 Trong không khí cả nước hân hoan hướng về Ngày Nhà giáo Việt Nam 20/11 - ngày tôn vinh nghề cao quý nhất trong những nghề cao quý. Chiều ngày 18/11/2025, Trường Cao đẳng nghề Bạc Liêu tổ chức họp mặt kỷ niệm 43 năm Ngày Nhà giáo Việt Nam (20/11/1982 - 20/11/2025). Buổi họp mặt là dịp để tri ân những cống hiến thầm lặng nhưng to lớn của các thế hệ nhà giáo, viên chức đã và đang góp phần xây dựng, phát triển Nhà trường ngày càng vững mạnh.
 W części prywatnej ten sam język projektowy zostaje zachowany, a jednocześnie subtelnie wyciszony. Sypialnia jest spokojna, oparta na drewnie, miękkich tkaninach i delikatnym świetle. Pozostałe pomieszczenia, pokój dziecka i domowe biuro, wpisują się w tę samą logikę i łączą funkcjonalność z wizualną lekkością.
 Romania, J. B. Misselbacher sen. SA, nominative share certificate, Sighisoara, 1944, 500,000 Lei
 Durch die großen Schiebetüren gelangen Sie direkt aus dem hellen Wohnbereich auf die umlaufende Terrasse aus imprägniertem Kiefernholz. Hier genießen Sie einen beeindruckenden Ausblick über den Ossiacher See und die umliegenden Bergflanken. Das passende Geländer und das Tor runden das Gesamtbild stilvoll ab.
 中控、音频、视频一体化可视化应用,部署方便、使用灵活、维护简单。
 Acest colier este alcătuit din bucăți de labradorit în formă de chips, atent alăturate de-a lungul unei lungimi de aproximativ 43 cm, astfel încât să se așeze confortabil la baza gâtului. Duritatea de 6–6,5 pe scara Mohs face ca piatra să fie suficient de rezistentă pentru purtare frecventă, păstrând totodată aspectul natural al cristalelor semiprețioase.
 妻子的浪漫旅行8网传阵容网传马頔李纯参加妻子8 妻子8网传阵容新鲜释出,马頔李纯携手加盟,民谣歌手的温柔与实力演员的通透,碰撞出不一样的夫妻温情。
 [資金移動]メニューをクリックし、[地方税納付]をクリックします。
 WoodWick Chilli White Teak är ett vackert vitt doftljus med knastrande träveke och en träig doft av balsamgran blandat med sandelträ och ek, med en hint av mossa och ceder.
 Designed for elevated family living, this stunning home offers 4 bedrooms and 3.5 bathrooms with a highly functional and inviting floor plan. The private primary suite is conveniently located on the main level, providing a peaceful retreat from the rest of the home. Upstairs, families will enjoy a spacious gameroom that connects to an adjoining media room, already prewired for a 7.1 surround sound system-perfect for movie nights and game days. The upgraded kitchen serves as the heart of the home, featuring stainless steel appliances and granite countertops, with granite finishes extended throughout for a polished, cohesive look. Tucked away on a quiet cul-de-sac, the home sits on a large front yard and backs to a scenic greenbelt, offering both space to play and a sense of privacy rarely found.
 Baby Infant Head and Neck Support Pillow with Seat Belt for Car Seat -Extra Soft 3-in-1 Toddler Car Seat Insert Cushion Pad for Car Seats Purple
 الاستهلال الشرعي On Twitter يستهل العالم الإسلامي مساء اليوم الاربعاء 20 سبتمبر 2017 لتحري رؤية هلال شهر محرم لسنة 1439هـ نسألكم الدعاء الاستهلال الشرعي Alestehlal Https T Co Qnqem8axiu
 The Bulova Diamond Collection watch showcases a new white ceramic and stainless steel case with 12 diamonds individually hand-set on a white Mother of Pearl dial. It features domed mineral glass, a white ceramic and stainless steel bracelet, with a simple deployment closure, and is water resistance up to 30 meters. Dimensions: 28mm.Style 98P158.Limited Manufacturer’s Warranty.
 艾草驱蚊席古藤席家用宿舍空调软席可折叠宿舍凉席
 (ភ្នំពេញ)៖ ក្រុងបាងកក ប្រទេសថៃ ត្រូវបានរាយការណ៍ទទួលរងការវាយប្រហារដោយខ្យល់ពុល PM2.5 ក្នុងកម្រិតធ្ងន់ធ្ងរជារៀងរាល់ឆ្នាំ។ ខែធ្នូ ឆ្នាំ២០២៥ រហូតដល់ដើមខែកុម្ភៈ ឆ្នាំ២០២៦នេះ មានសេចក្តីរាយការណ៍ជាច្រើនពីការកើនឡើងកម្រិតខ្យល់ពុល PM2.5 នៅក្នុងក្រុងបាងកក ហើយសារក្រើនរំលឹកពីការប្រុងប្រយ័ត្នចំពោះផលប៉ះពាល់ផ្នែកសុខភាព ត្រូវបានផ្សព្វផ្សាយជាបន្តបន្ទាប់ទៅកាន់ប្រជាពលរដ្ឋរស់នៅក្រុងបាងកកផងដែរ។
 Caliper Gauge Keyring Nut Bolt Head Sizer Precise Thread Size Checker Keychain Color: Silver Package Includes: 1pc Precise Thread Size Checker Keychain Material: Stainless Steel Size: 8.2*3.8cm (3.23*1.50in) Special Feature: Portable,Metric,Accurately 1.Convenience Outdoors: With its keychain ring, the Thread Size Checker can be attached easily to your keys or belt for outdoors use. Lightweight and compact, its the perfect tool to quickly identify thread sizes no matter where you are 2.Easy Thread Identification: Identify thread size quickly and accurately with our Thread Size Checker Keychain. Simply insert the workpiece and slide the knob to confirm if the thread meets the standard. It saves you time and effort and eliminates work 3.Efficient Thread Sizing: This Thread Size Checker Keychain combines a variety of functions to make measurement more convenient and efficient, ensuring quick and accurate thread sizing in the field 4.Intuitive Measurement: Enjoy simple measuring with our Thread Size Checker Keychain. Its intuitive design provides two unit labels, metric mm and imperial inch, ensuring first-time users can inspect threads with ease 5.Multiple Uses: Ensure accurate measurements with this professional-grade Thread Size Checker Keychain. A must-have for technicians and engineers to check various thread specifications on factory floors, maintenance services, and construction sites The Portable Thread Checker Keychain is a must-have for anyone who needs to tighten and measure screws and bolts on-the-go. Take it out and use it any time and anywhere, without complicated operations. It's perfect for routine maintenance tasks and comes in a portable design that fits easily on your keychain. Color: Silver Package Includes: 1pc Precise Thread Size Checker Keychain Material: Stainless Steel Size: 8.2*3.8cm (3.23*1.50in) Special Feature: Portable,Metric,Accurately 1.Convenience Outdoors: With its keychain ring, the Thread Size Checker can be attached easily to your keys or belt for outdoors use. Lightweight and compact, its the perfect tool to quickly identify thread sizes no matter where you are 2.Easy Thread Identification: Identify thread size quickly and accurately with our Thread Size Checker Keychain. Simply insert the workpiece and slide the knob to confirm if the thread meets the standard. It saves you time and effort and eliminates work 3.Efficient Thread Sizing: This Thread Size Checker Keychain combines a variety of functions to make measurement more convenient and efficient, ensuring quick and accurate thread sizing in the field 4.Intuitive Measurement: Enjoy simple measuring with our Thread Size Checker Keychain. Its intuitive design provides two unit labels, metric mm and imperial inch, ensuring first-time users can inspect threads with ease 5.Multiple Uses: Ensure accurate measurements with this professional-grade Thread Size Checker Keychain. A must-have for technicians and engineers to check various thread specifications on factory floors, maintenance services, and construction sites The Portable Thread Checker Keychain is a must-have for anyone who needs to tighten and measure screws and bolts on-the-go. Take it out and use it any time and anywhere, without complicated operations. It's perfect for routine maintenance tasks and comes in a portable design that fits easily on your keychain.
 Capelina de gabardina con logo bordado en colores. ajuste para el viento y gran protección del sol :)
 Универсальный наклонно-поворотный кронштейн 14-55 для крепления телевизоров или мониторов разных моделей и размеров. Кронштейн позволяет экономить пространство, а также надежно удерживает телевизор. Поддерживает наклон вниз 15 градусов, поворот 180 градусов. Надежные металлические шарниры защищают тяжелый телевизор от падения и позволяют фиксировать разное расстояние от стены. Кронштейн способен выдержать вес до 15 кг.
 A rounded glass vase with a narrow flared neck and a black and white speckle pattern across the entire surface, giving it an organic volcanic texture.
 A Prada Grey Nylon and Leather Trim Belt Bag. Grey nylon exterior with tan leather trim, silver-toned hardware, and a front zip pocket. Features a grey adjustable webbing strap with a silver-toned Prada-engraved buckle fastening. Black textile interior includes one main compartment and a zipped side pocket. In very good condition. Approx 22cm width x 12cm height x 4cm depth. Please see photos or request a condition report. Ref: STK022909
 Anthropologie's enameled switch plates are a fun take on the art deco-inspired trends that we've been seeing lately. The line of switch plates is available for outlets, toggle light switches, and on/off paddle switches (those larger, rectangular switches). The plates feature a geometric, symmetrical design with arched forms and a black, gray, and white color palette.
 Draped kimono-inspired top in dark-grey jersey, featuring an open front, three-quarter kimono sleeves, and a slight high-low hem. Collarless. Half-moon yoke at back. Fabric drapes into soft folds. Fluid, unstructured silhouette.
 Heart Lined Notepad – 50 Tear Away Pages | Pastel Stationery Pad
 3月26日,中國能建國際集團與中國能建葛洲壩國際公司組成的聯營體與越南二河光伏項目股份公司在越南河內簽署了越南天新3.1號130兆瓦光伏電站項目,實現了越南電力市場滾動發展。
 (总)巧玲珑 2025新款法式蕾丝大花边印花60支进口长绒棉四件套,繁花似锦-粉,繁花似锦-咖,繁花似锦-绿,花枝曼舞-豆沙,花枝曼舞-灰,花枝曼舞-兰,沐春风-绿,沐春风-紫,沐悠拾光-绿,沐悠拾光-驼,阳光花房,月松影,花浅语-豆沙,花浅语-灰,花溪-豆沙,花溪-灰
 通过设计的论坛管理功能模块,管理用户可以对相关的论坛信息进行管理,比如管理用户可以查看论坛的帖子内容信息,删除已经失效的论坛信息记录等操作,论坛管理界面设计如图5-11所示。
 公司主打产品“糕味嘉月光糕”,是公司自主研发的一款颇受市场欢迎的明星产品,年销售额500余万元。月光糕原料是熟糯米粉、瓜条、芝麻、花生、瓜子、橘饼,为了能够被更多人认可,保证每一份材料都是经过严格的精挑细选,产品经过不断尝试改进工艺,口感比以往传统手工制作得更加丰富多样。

== == ==

**PROBLEM REQUIREMENTS**
Look back at the entries above and repeat, unchanged, every line from the line holding "Capelina de gabardina" through the line holding "A rounded glass".

**RESULT FOR THIS TASK**
 Capelina de gabardina con logo bordado en colores. ajuste para el viento y gran protección del sol :)
 Универсальный наклонно-поворотный кронштейн 14-55 для крепления телевизоров или мониторов разных моделей и размеров. Кронштейн позволяет экономить пространство, а также надежно удерживает телевизор. Поддерживает наклон вниз 15 градусов, поворот 180 градусов. Надежные металлические шарниры защищают тяжелый телевизор от падения и позволяют фиксировать разное расстояние от стены. Кронштейн способен выдержать вес до 15 кг.
 A rounded glass vase with a narrow flared neck and a black and white speckle pattern across the entire surface, giving it an organic volcanic texture.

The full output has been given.